[Material provided Boundary: Start]

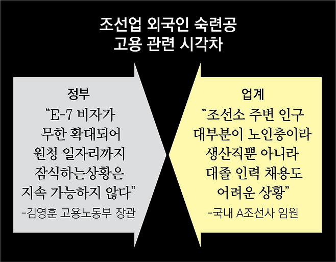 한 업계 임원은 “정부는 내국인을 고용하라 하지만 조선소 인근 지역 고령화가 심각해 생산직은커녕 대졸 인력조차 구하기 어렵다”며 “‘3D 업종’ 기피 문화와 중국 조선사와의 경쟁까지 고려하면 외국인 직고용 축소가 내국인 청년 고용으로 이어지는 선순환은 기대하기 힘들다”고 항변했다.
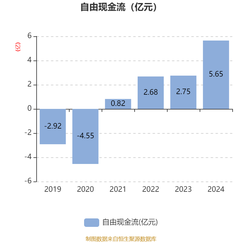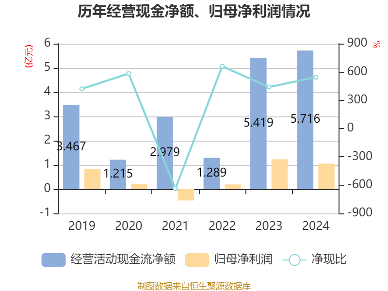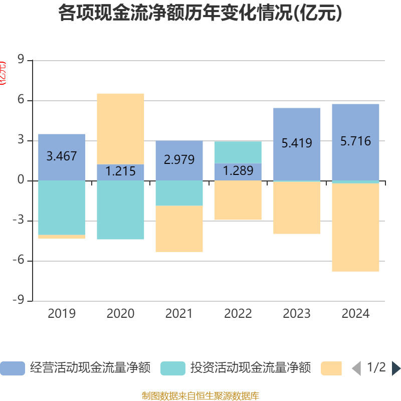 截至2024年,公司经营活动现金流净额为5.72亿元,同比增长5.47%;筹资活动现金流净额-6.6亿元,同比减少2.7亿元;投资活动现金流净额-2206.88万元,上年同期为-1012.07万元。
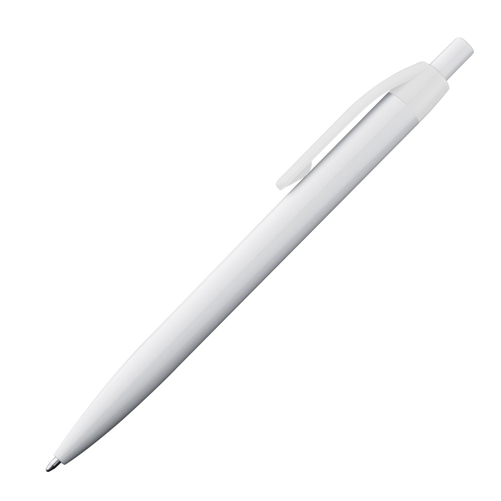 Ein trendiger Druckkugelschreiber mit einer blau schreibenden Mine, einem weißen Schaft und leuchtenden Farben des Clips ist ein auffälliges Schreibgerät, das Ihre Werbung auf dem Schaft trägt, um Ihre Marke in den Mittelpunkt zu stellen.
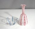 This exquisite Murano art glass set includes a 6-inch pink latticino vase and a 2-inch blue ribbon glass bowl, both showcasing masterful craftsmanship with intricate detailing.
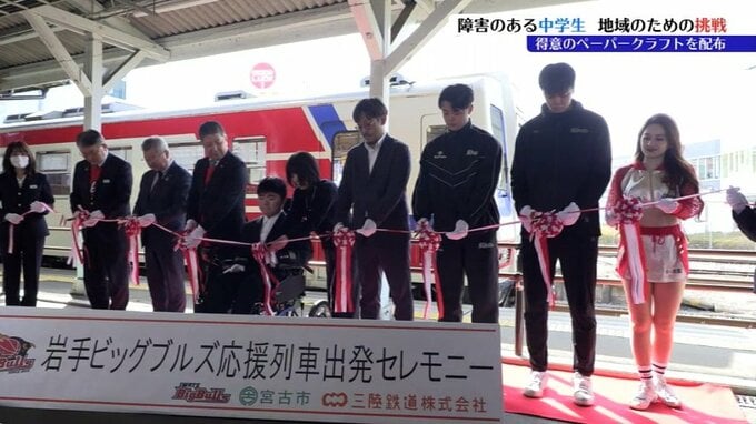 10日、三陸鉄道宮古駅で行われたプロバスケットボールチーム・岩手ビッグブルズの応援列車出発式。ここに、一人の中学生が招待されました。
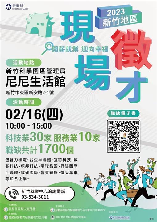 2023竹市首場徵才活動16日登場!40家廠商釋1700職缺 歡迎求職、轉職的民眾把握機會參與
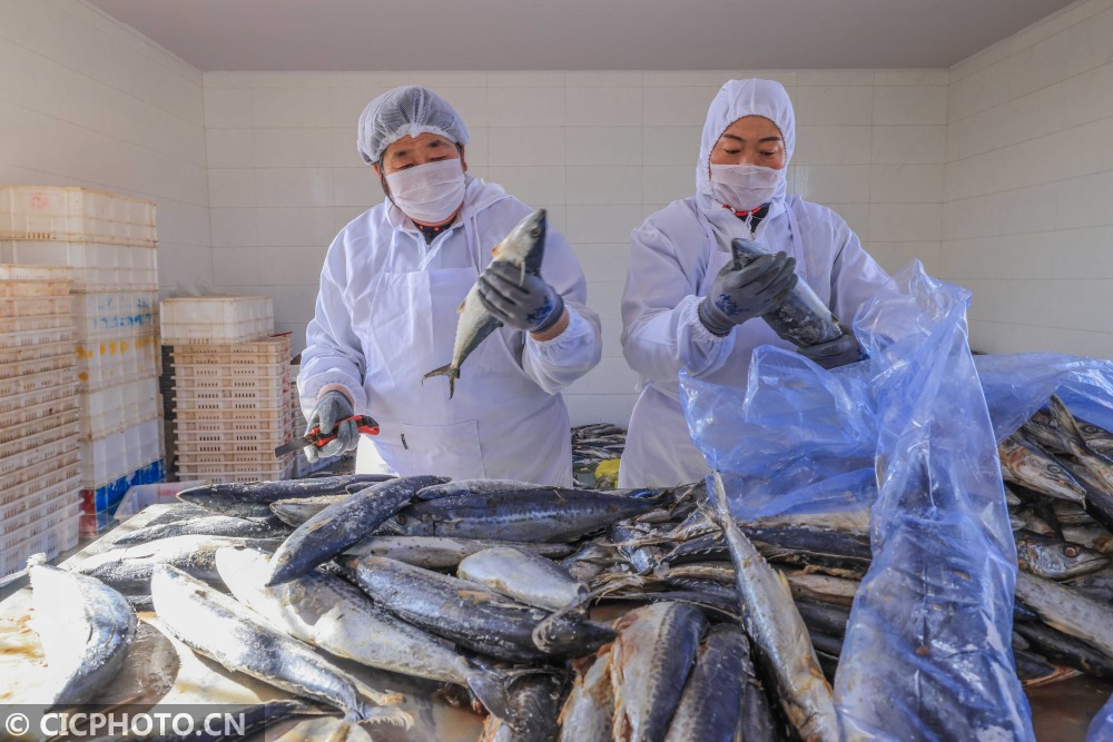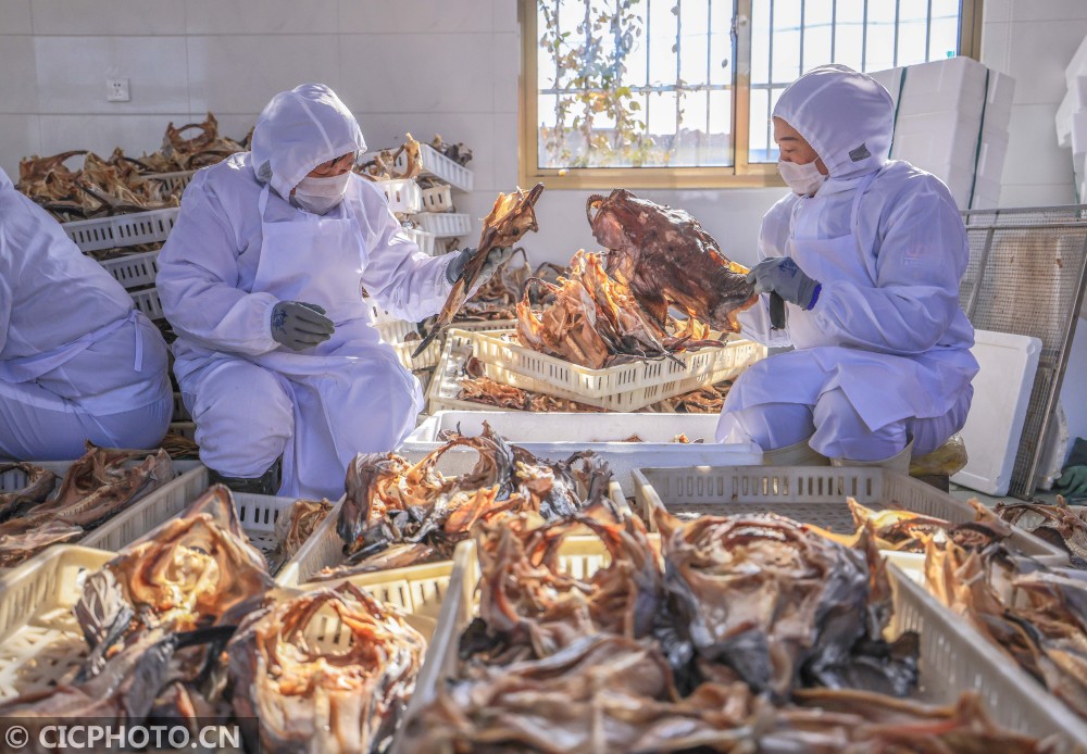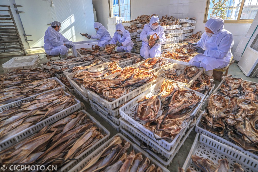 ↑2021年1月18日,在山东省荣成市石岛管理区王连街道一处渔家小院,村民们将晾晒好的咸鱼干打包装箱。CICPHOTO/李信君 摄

[Material provided Boundary: End]

• [What is needed]
Verbatim output of every entry above is required, though pictures are to be left out.

• [Output for this exercise]
 한 업계 임원은 “정부는 내국인을 고용하라 하지만 조선소 인근 지역 고령화가 심각해 생산직은커녕 대졸 인력조차 구하기 어렵다”며 “‘3D 업종’ 기피 문화와 중국 조선사와의 경쟁까지 고려하면 외국인 직고용 축소가 내국인 청년 고용으로 이어지는 선순환은 기대하기 힘들다”고 항변했다.
 截至2024年,公司经营活动现金流净额为5.72亿元,同比增长5.47%;筹资活动现金流净额-6.6亿元,同比减少2.7亿元;投资活动现金流净额-2206.88万元,上年同期为-1012.07万元。
 Ein trendiger Druckkugelschreiber mit einer blau schreibenden Mine, einem weißen Schaft und leuchtenden Farben des Clips ist ein auffälliges Schreibgerät, das Ihre Werbung auf dem Schaft trägt, um Ihre Marke in den Mittelpunkt zu stellen.
 This exquisite Murano art glass set includes a 6-inch pink latticino vase and a 2-inch blue ribbon glass bowl, both showcasing masterful craftsmanship with intricate detailing.
 10日、三陸鉄道宮古駅で行われたプロバスケットボールチーム・岩手ビッグブルズの応援列車出発式。ここに、一人の中学生が招待されました。
 2023竹市首場徵才活動16日登場!40家廠商釋1700職缺 歡迎求職、轉職的民眾把握機會參與
 ↑2021年1月18日,在山东省荣成市石岛管理区王连街道一处渔家小院,村民们将晾晒好的咸鱼干打包装箱。CICPHOTO/李信君 摄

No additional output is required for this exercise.